The San Benito County Fair begins with two first-time winners

They recount challenges of raising animals and learning new skills.
Taylor Evans' rabbits. Photo by Katie Evans.
Taylor Evans' rabbits. Photo by Katie Evans.

Though the San Benito County Fair does not open to the general public until Sept. 30, the judging for the fair has begun, and already two first-time entries have won the top honors: Taylor Evans, 12, who was crowned Grand Champion for her rabbits, and Westley Stewart, 17, who won in the Future Farmers of America Advanced Horse Showmanship category.

Evans joined the Hollister FFA too late last year to be able to enter any animals for the competition, but she already had some experience around the farm.

“My family has raised cattle and horses, and I had a hamster before,” Evans said. “I love raising animals, but my parents would not let me get anything bigger than a rabbit this year.” 

Evans began raising the rabbits in August, and the recent heatwave proved to be a problem, endangering her rabbits and forcing her to adapt. 

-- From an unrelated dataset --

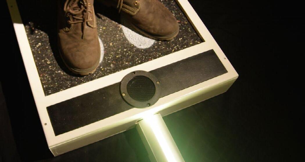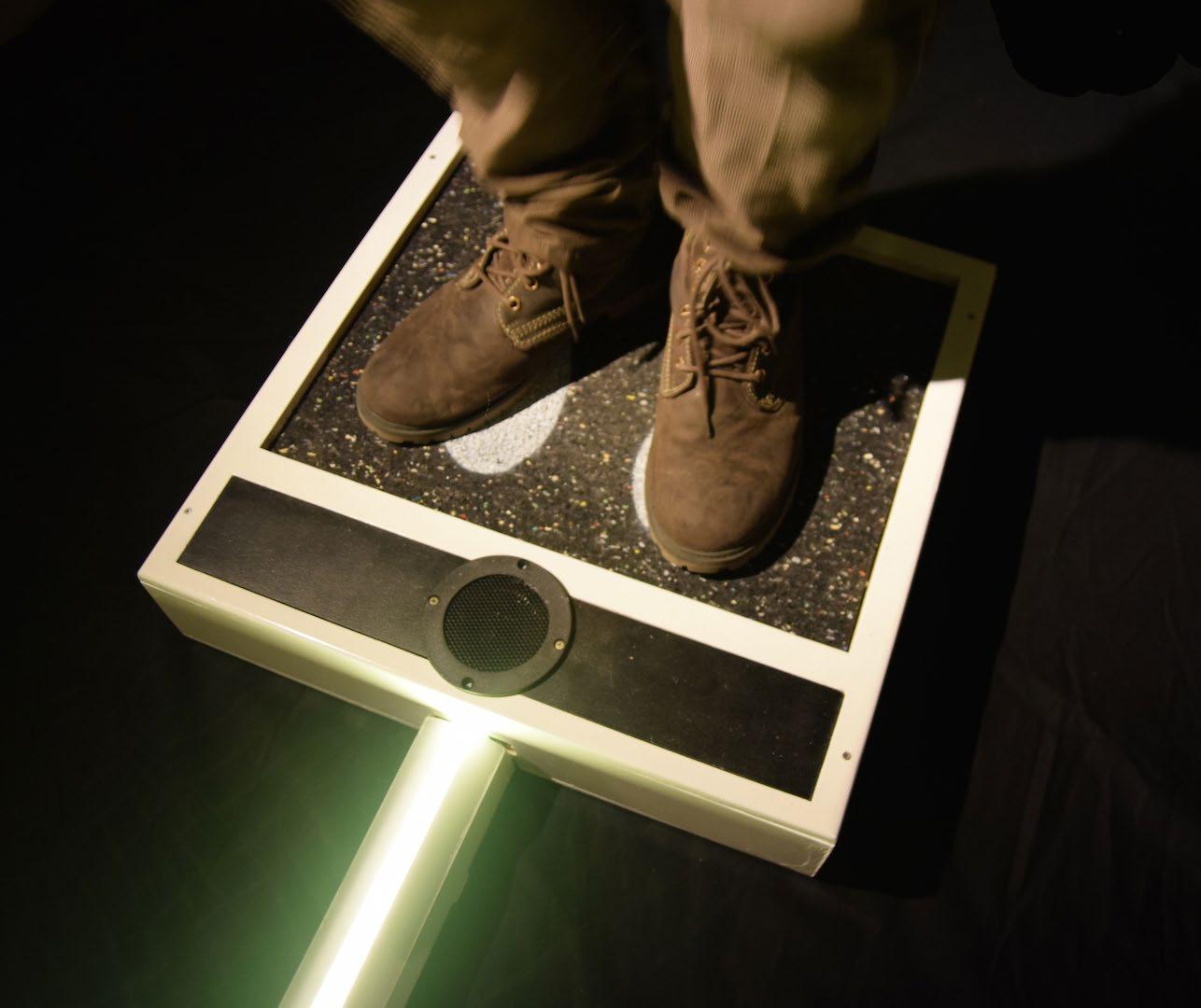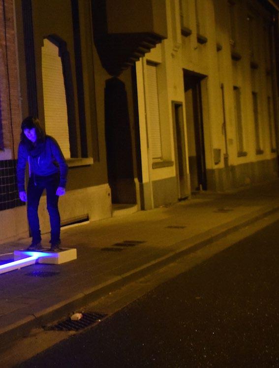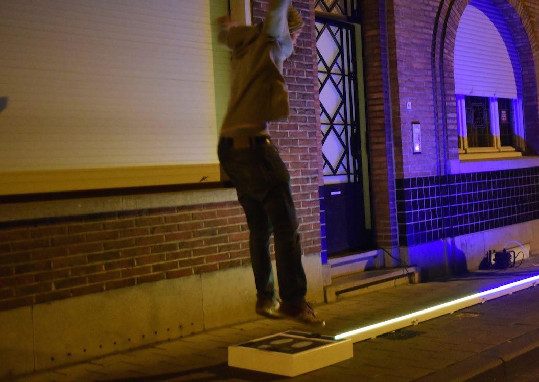 The initial question was to create a public installation to stimulate movement at the city of Kortrijk. We invented a simple competitive installation where different games with light and sound could be played on just by pushing a tile.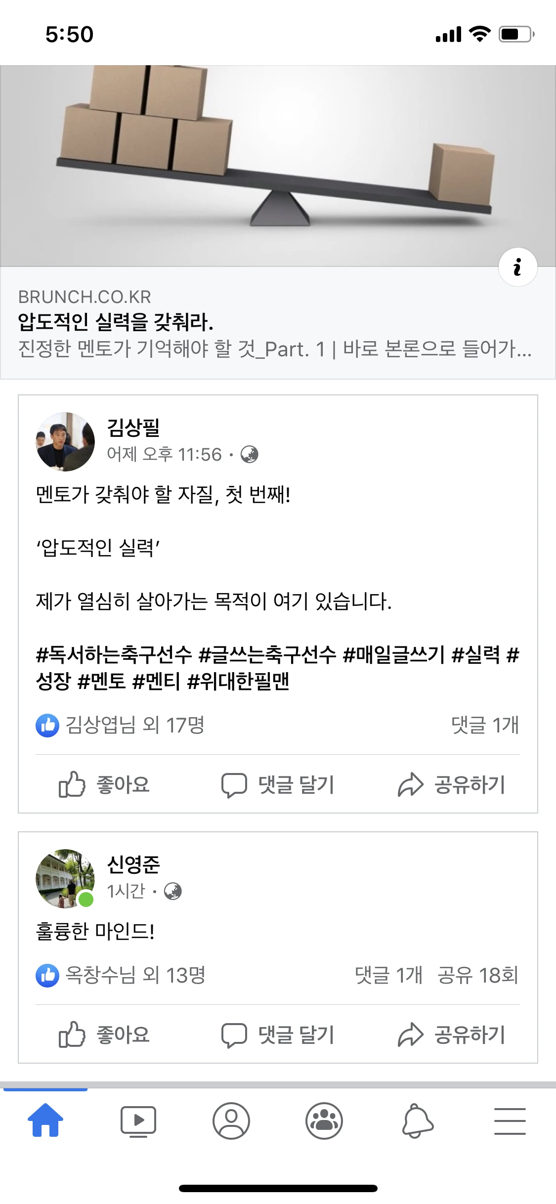 대박은 '아빠는 멀었다'라는 글이다. 포털 사이트 '다음' 메인에 공유되면서 블랙스완이 터지게 된다. 신박사님께서 자신의 페이스북에 공유해주신 '압도적인 실력'은 공유만 200개가 넘었고(조회수 1267명), 어떻게 바이럴이 되었는지 모르는 '편한 결혼 생활은 없다'와 '축구선수로 먹고 살기 어렵습니다.'는 각각 현재 시간 기준 6767명, 7126명이 되었다. 많은 사람들이 내 글을 봐주고, 신박사님께서 칭찬과 더불어 공유까지 해주시니 기쁘기가 그지없다. 기쁨과 동시에 배움도 있었다. 이 과정 속에서 복잡계를 조금이나마 이해할 수 있게 된 것이다.

“When I was raising them, it was 115 degrees outside,” she said. “They can’t be above 80 degrees, or they will die. There were people in the competition who had to drop out because their rabbits were not gaining weight due to the heat. So I kept mine inside, on my dresser in my bedroom.”

Evans said keeping the rabbits out of the heat kept them alive and helped them to develop better.

“On mine, their backs were filled out more,” she said. “The judges told me that my rabbits had wider loins than the other rabbits that were entered. So I think taking care of them like that is what made me win. And I learned it takes work to raise animals in a way that will produce a lot of meat.”

The grand champion rabbits earned her several commendations on Sept. 25, including a banner, ribbons and a belt buckle donated by Hollister FFA Ag Boosters secretary Christy Stacy. The experience has made Evans want to do it again next year. 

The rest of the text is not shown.